Nach der Verlegerzeit wendet sich Dinu erfolgreich dem Buchhandel zu, seine Heimatstadt ist Frankfurt. Mit Buch&Billig führt er in der Berger Straße 122 eine Buchhandlung, die vielen Frankfurtern ein Begriff ist – dient sie zeitweise doch auch als Librairie Française. Während meines Studiums jobbe ich schließlich in einem der Münchner 100-Tage Pop-up-Stores für Dinu. Ich bestaune eine seltene mit Goldschnitt geprägte georgische Bibel im XXL-Format, die nur behandschuht geöffnet werden darf.

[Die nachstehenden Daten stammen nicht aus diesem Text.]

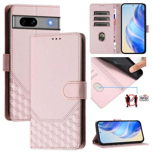 Funda de Cuero Rfid con Relieve en Panal para Google Pixel 7A (Rosa)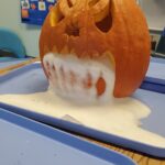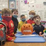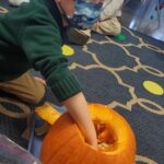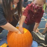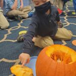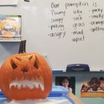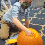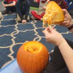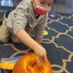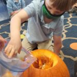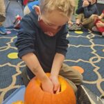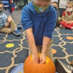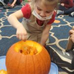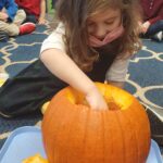 Among other things happening in the Beluga classroom this week, we have been exploring interesting adjectives. Autumn naturally lends itself to adjectives because there are so many things about it which appeal to our senses –the sight of the brilliant colors of leaves and grasses, the damp, earthy, and slightly sour smells of the woods this time of year, feeling the crisp air on our skin, and hearing dry leaves crunch under our feet. Halloween-time also provides wonderful opportunities for expanding vocabulary because there are so many interesting and unusual things to be described! Why limit yourself to words such as “wet” and “gross” to describe the inside of a pumpkin, when you could use words like “squishy”, “stringy”, or “slimy”? Language acquisition has always fascinated me, and, as an early childhood teacher, I know that a child’s oral language skills are a strong predictor of their future reading skills. A rich language base, which is also tied to cognitive growth and experience, provides a strong foundation for reading, writing, and comprehension later on in school. Children who have large vocabularies and good knowledge of the alphabet learn to read more easily than do those without that background. Consequently, we focus a lot of attention on oral language skills in preschool.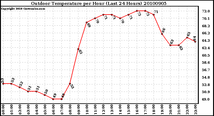 Milwaukee Weather -- 20100905 Outdoor Temperature per Hour (Last 24 Hours) -- From curtronics.com by Curt Blank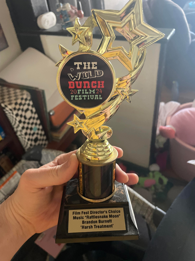 After a show at Dan’s Silverleaf in Denton three years ago, country-noir singer-songwriter Brandon “Broke String” Burnett happened to meet two multimedia producers. Datalus Pictures’ Marielena Resendiz and Johnathan Paul asked him to record a song for their 2025 indie Western. Burnett and his group excitedly went to work, and their track “Rattlesnake Moon” not only appeared in Harsh Treatment but won an award for best original song at a Tucson, Arizona, film festival in 2024.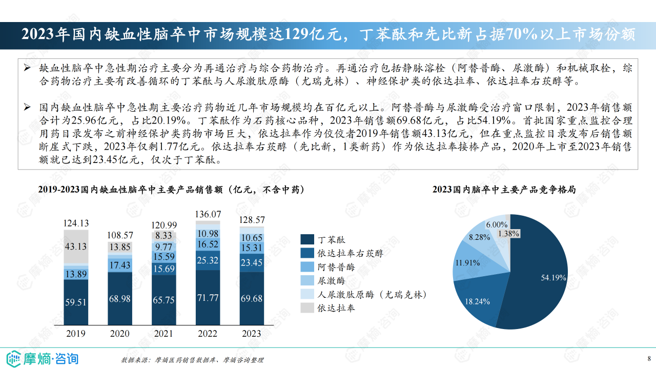 中国急性缺血性脑卒中患者数量庞大且持续增长,人口老龄化和不良生活方式是主要驱动因素。 巨大的患者基数为药物市场提供了广阔的发展空间。尽管部分药物受政策影响销售额下降,但整体市场规模仍保持在百亿元以上,未来仍有较大的增长潜力。 新药研发、创新疗法的出现以及医疗技术的进步,将进一步推动市场增长。
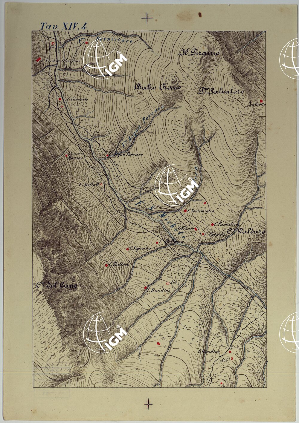 CARTA DEI DINTORNI DI PALERMO ALLA SCALA DI 1 A 10.000 PER LEMANOVRE SULLA CARTA ESEGUITA MEDIANTE INGRANDIMENTO GEOMETRICO DELLA CARTA AL 50.000, RIVEDUTA E COMPLETATA IN OGNI PARTE SUL TERRENO, CON STRUMENTI PER LEVATE SPEDITIVE – TAVOLA XIV 4.
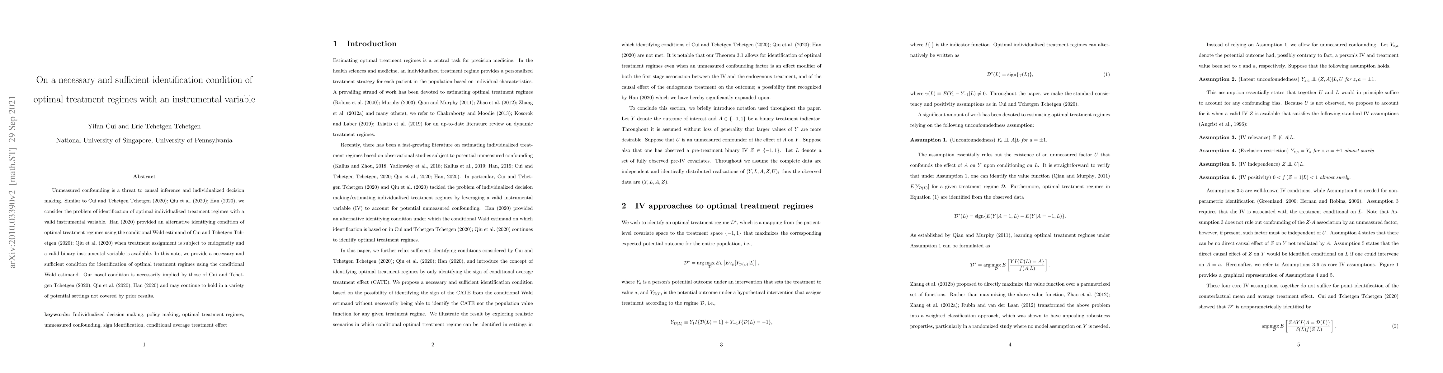 Unmeasured confounding is a threat to causal inference and individualized decision making. Similar to Cui and Tchetgen Tchetgen (2020); Qiu et al. (2020); Han (2020a), we consider the problem of identification of optimal individualized treatment regimes with a valid instrumental variable. Han (2020a) provided an alternative identifying condition of optimal treatment regimes using the conditional Wald estimand of Cui and Tchetgen Tchetgen (2020); Qiu et al. (2020) when treatment assignment is subject to endogeneity and a valid binary instrumental variable is available. In this note, we provide a necessary and sufficient condition for identification of optimal treatment regimes using the conditional Wald estimand. Our novel condition is necessarily implied by those of Cui and Tchetgen Tchetgen (2020); Qiu et al. (2020); Han (2020a) and may continue to hold in a variety of potential settings not covered by prior results.
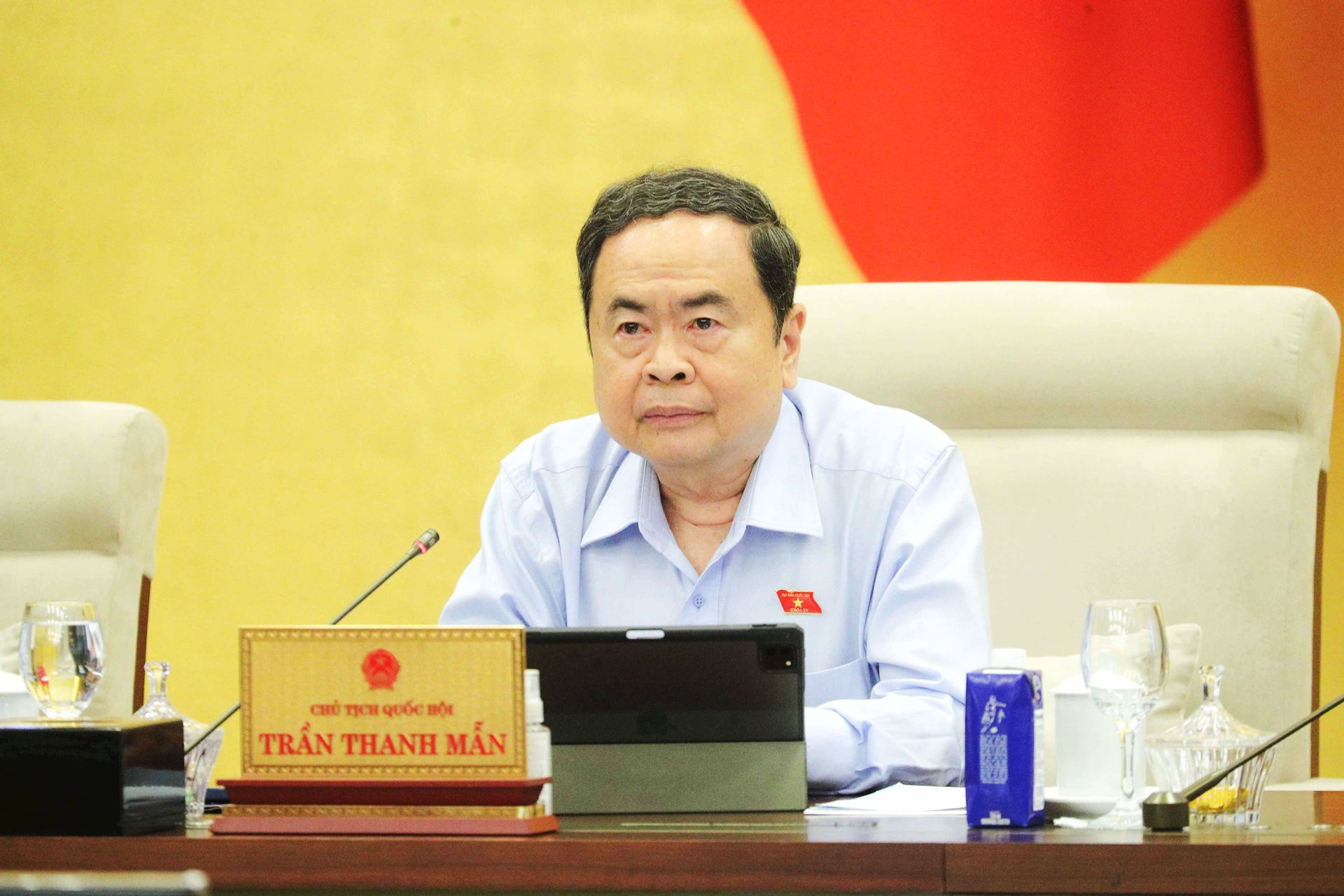 Chủ tịch Quốc hội Trần Thanh Mẫn phát biểu tại Phiên họp. Ảnh: H. LONG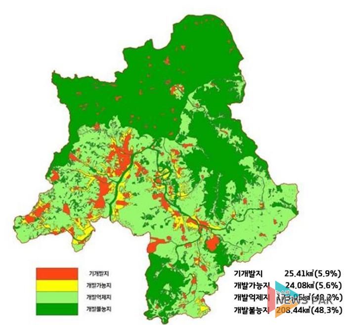 광주시는 시 전역이 특별대책지역과 자연보전권역으로 지정돼 있으며 개발제한구역·상수원보호구역·수변구역·군사시설보호구역 등 각종 중첩 규제를 받고 있다. 전체 면적의 65%가 임야로 구성돼 개발 가용지가 부족한 상황이다. 이에 따라 시는 개발 가용지에 대한 체계적 관리와 양질의 개발 유도를 위한 합리적인 도시관리계획 수립이 필요하다고 설명했다.

Dinu Popas Bücher, sie gehen in die Welt – Dinu Popa handelt neben seinen Ladengeschäften schon früh auch sehr erfolgreich online mit Büchern, er verkauft u.a. nach Japan, UK, USA. Die Frankfurter Rundschau, die ihn 2010 anlässlich der Eröffnung seines letzten Buchladens CAMP (nicht zu verwechseln mit dem gleichnamigen Titel des Popa-Verlages, den der Hanser-Verlag verbieten ließ) interviewt, lässt er mit blitzenden Augen und dem typisch schelmischen Dinu-Popa-Lächeln wissen, „ich bin schneller als Amazon!“
Lange könnte ich so weitererzählen, denn Dinus Leben ist eine einzige Ansammlung von Geschichten. Die irrsinnig lustigen Abende im Frankfurter Lokal 12 Apostel mit Großbuchhändlern aus Osteuropa. Wilde, aber friedliche Feiern in Messehallen bis in die Nacht hinein mit Wodka & Kaviar, französischem Käse & Champagner, Bier & Brezn, ein illustres internationales Verlagspublikum, ein wunderbares Fremdsprachengewirr und Dinu mittendrin. Ich denke an Dinus engen und 2020 verstorbenen Freund „Cajo“ Carl-Joachim Liesenberg, an die Lesungen mit Alban Nikolai Herbst und Sven Heuchert, an die vielen guten Gespräche, die Dinu und ich führten und die oft damit begannen, dass er sagte „(…) habe ich kennengelernt, als …“
Kaum jemand, so möchte ich fast glauben, den Dinu nicht kannte.
Und ich denke an die besten Treffen, die wir nie planten, weil sie sich spontan ergaben.
Ein guter Freund, ein Urgestein aus der schönen Welt der Bücher und Geschichten, ist nach kurzer, schwerer Krankheit gegangen. Zu früh, wie immer. In diesem Fall besonders schmerzhaft zu früh. Farewell my friend.